_PROBLEM TO WORK ON:_ Print only the lines below, from the very first to the one containing "Strona główna >> PIONEER >>", exactly as they stand. Do not print pictures.

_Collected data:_
----------
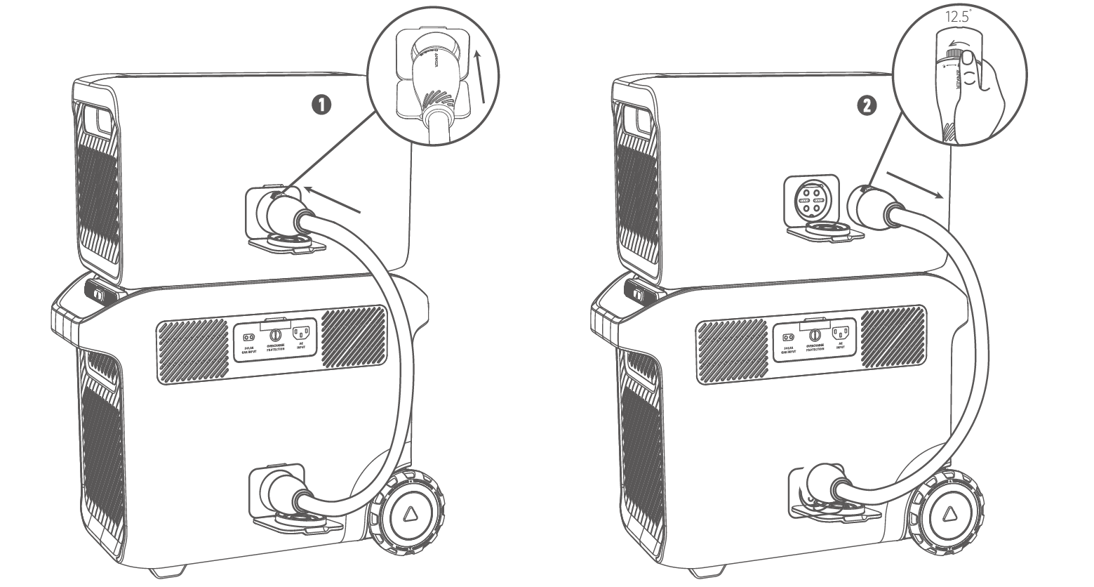 4. Genişletme pilini kullanımdayken güç istasyonundan çıkarmanız veya bağlantısını kesmeniz gerekirse kısa devreyi önlemek üzere pili kapatmak için 2 saniye boyunca açma/kapatma düğmesine basın. Bağlantıyı kesmek için kablonun ortasındaki kontrol düğmesini itin ve dışarı çekmeden önce saat yönünün tersine 12,5 derece çevirin.
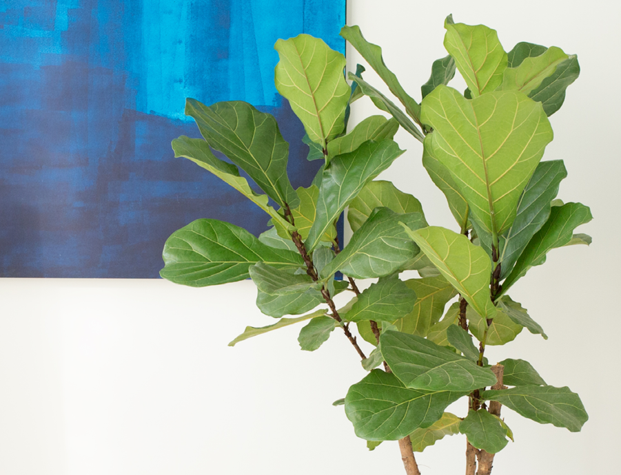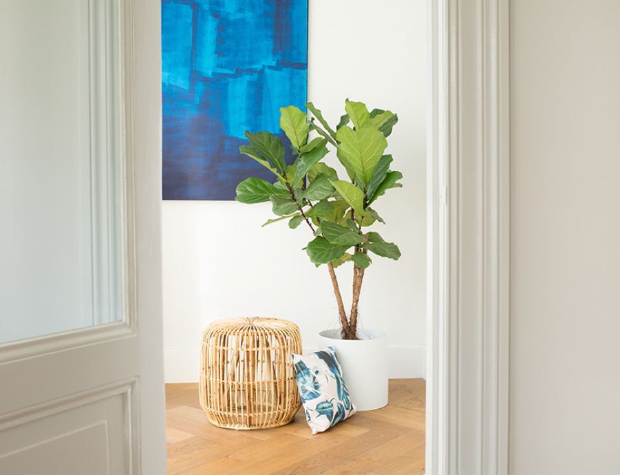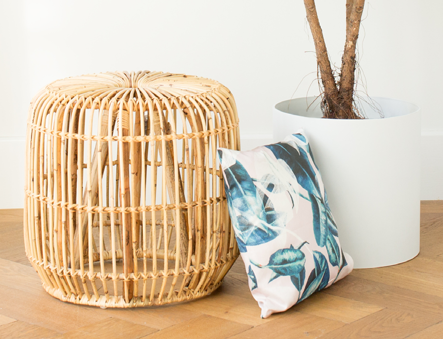Deze combinatie van een mat witte strakke ronde bak en de grote bladeren is één van de meest geliefde pot-plant combinaties van dit moment op pinterest. Het krukje en het kussen maken het een gezellig hoekje om te zitten.
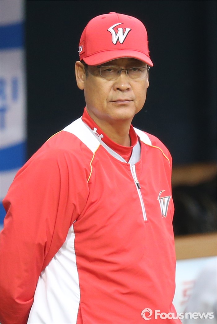 (서울=포커스뉴스) 26일 서울 잠실구장에서 열린 2016 프로야구 SK-두산 경기에서 SK 김용희 감독이 선수들의 훈련을 지켜 보고 있다.
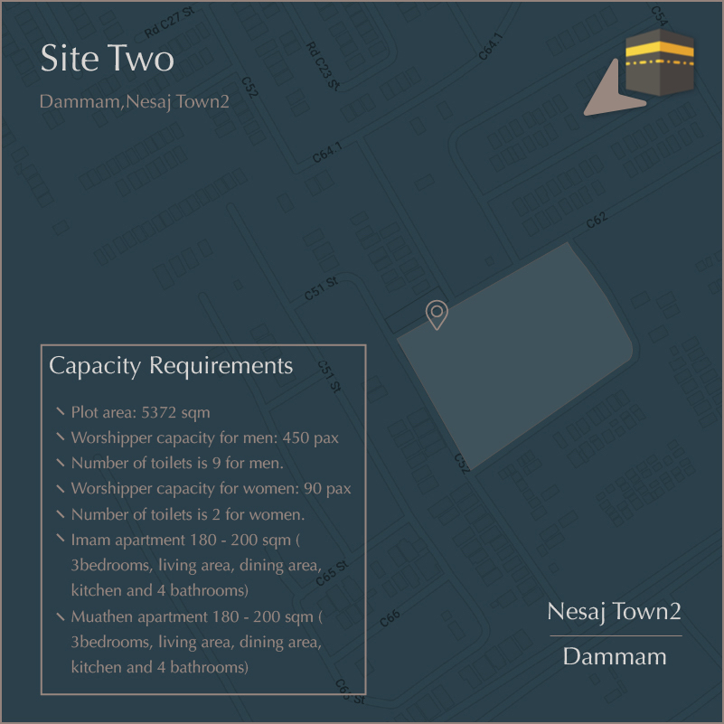 The competition shall be organized by Retal Urban Development Company and under the supervision of the Abdullatif Al Fozan Award for Mosque Architecture. The competition aims to attract innovative designs by participants from all over the world to design two Mosques in the center of the Nesaj Town 2 scheme in Dammam, eastern Saudi Arabia. The Nesaj Town scheme is considered one of the most prominent urban development projects for Retal, as its location has been carefully selected. It also aims to provide distinctive designs increasing the aesthetic, sophistication and luxury of the Nesaj Town 2 project, to become an element by which to be proud of in the future, in order the essential facilities in the neighborhood to be completed and Mosque is one of its most important components
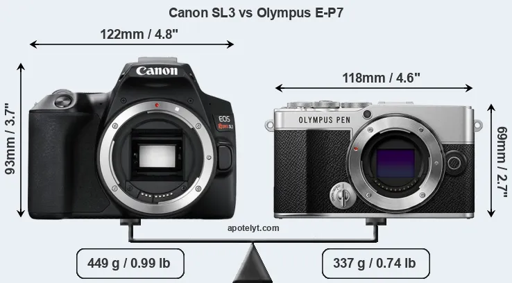 An illustration of the physical size and weight of the Canon SL3 and the Olympus E-P7 is provided in the side-by-side display below. The two cameras are presented according to their relative size. Three consecutive views from the front, the top, and the rear side are shown. All width, height and depth measures are rounded to the nearest millimeter.
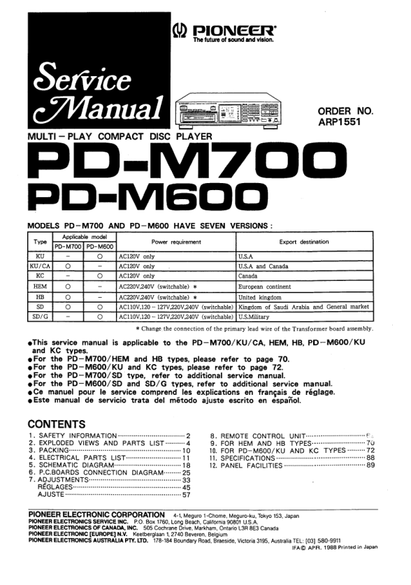 Strona główna >> PIONEER >> PD-M600 Instrukcja Serwisowa
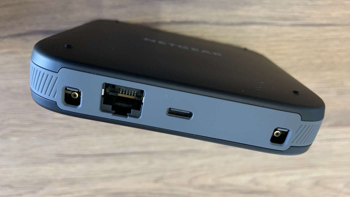 Il router è un piccolo oggetto a base quadrata, di circa 10 centimetri per lato e spesso 2 cm; presenta sulla superficie un display touch LCD da 2.8”, usato come strumento principale per il controllo e la gestione del prodotto. Sui bordi troviamo una porta USB-C, dedicata all’alimentazione, alla ricarica e anche al tethering dei dati, e nelle vicinanze una porta Ethernet capace di erogare dati fino a una velocità di 2.5 gigabit al secondo. Nascoste da piccoli coperchi di protezione troviamo inoltre i connettori di tipo RF TS9 per l’antenna cellulare esterna omnidirezionale, uno degli accessori disponibili per l’acquisto sullo store di Netgear a 49,99 euro: non l’abbiamo trovata necessaria nelle nostre prove, ma può essere utile per superare limiti quali l’abitacolo dell’auto o altri ambienti schermati, migliorando sensibilmente la qualità del segnale. Troviamo sul bordo superiore infine il bottone di controllo, unico pulsante fisico del router, usato per accendere e spegnere il dispositivo e per risvegliare il display touch, generalmente spento per ridurre i consumi di corrente.
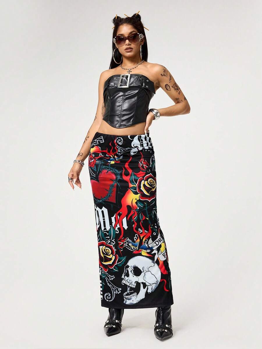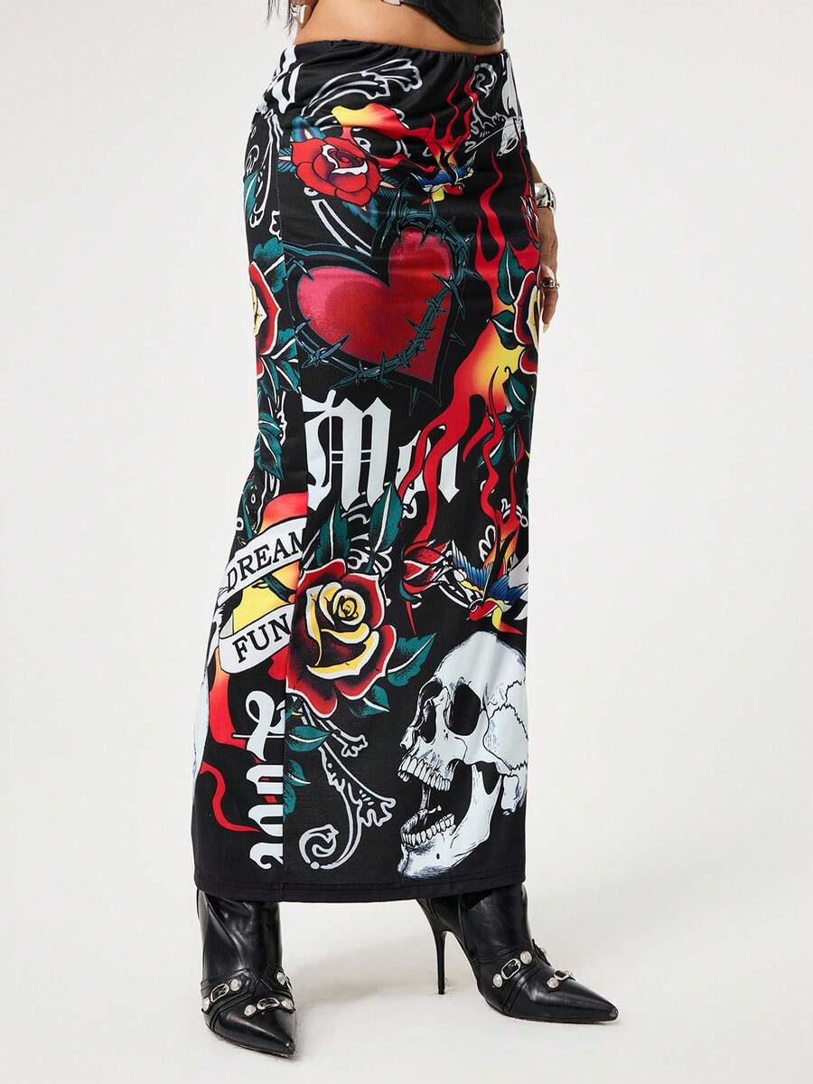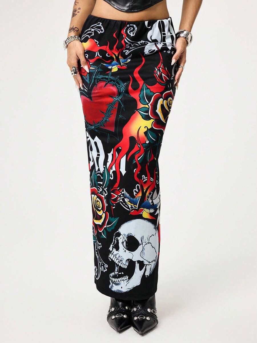 ROMWE Avant Halloween Women Skirts Y2K Retro Baddie Style Skeleton, Heart, Flame Print Women Mini Skirt
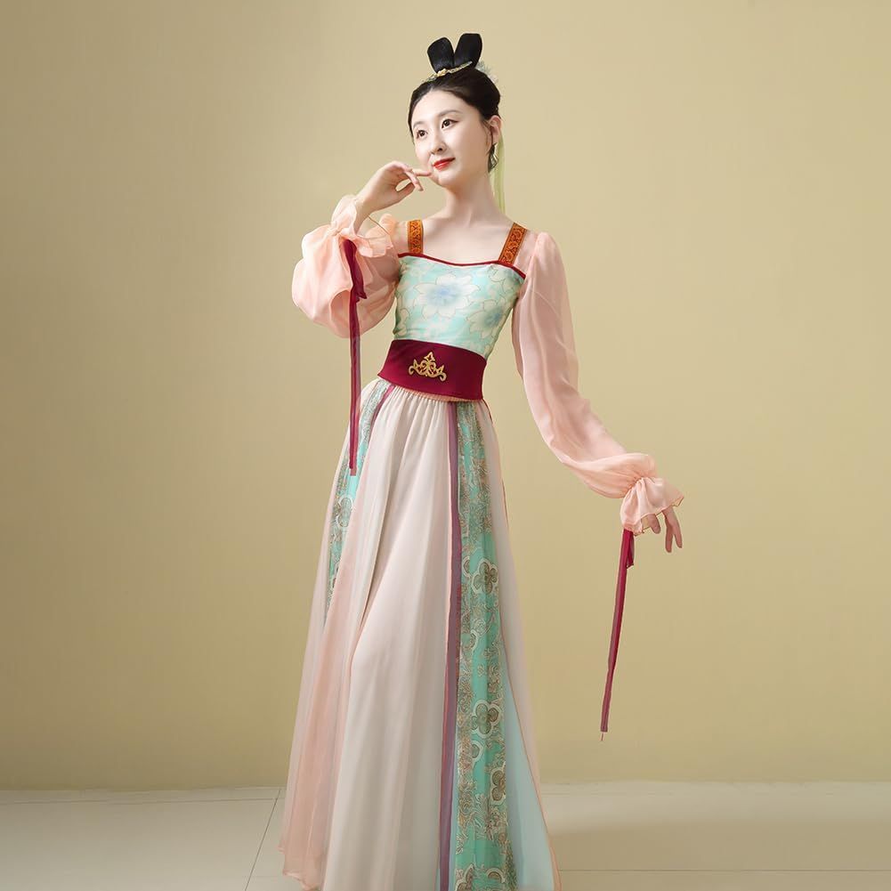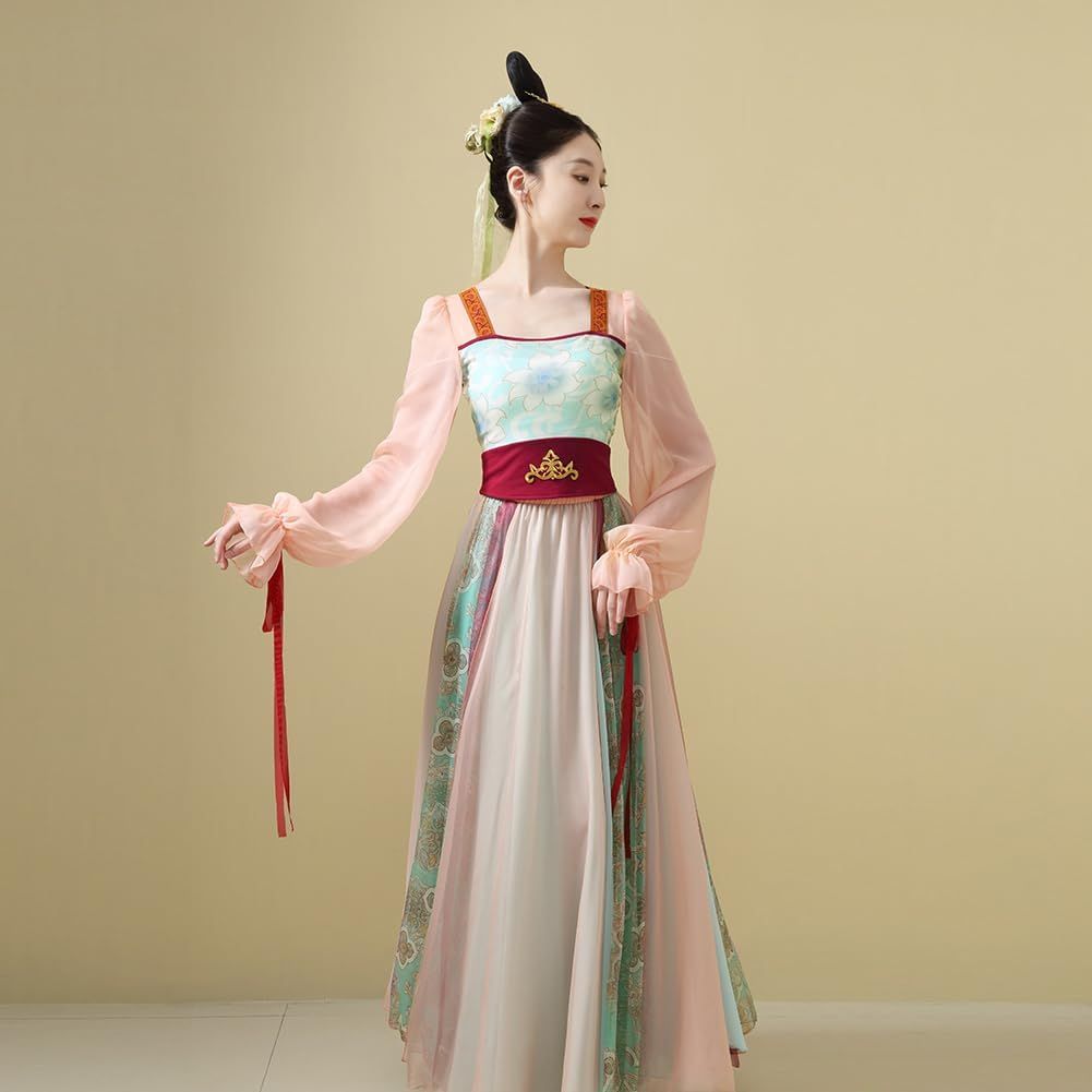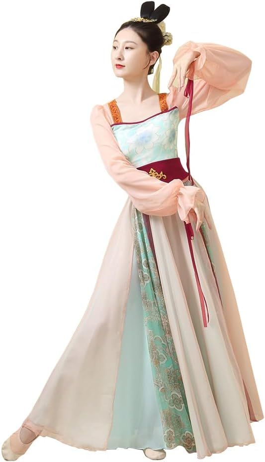 ROYAL SMEELA Chinese Hanfu Clothing Classical Dance Costume Skirts for Women Flowy Mesh Sheer Dance Top Chinese Style Clothes
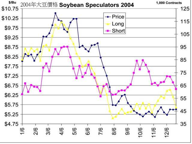 中國當地的油脂壓榨工廠嚇個半死,該月份4月份以平均至少US$9.25/BU的價格搶進了800多萬噸大豆,5月份大豆漲到US$10.25/BU,6月份華爾街的炒家在芝加哥期貨交易所開始拋售大豆期貨,當時中國許多日照壓榨工廠才剛剛建好,在US$9.25/BU的時候從美國進口了許多大豆,船還沒有靠岸就跌到US$8.25/BU以下,三個月內剩下US$5.75/BU,工廠還沒有開工就倒了一半!最後70%的中國油脂壓榨工廠全線倒閉。
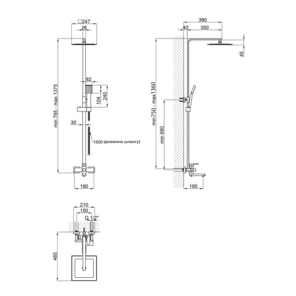 Высота душевой стойки, мм | 1400 |
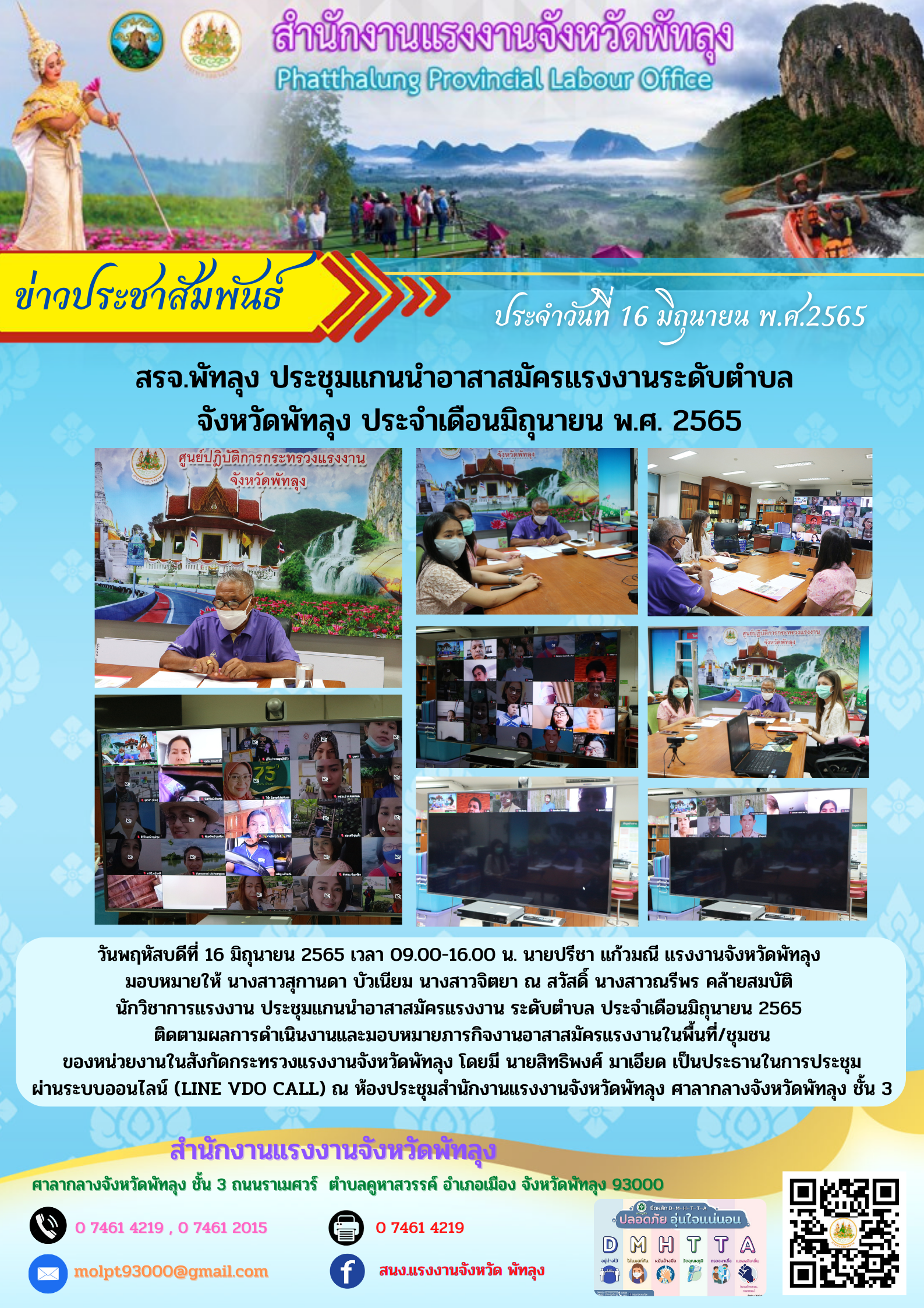 วันพฤหัสบดีที่ 16 มิถุนายน 2565 เวลา 09.00-16.00 น. นายปรีชา แก้วมณี แรงงานจังหวัดพัทลุงมอบหมายให้ นางสาวสุกานดา บัวเนียม นางสาวจิตยา ณ สวัสดิ์ นางสาวณรีพร คล้ายสมบัตินักวิชาการแรงงาน ประชุมแกนนำอาสาสมัครแรงงาน ระดับตำบล ประจำเดือนมิถุนายน 2565ติดตามผลการดำเนินงานและมอบหมายภารกิจงานอาสาสมัครแรงงานในพื้นที่/ชุมชนของหน่วยงานในสังกัดกระทรวงแรงงานจังหวัดพัทลุง โดยมี นายสิทธิพงศ์ มาเอียด เป็นประธานในการประชุม ผ่านระบบออนไลน์ (LINE VDO CALL) ณ ห้องประชุมสำนักงานแรงงานจังหวัดพัทลุง ศาลากลางจังหวัดพัทลุง ชั้น 3
----------
_WRITTEN SOLUTION:_
 4. Genişletme pilini kullanımdayken güç istasyonundan çıkarmanız veya bağlantısını kesmeniz gerekirse kısa devreyi önlemek üzere pili kapatmak için 2 saniye boyunca açma/kapatma düğmesine basın. Bağlantıyı kesmek için kablonun ortasındaki kontrol düğmesini itin ve dışarı çekmeden önce saat yönünün tersine 12,5 derece çevirin.
Deze combinatie van een mat witte strakke ronde bak en de grote bladeren is één van de meest geliefde pot-plant combinaties van dit moment op pinterest. Het krukje en het kussen maken het een gezellig hoekje om te zitten.
 (서울=포커스뉴스) 26일 서울 잠실구장에서 열린 2016 프로야구 SK-두산 경기에서 SK 김용희 감독이 선수들의 훈련을 지켜 보고 있다.
 The competition shall be organized by Retal Urban Development Company and under the supervision of the Abdullatif Al Fozan Award for Mosque Architecture. The competition aims to attract innovative designs by participants from all over the world to design two Mosques in the center of the Nesaj Town 2 scheme in Dammam, eastern Saudi Arabia. The Nesaj Town scheme is considered one of the most prominent urban development projects for Retal, as its location has been carefully selected. It also aims to provide distinctive designs increasing the aesthetic, sophistication and luxury of the Nesaj Town 2 project, to become an element by which to be proud of in the future, in order the essential facilities in the neighborhood to be completed and Mosque is one of its most important components
 An illustration of the physical size and weight of the Canon SL3 and the Olympus E-P7 is provided in the side-by-side display below. The two cameras are presented according to their relative size. Three consecutive views from the front, the top, and the rear side are shown. All width, height and depth measures are rounded to the nearest millimeter.
 Strona główna >> PIONEER >> PD-M600 Instrukcja Serwisowa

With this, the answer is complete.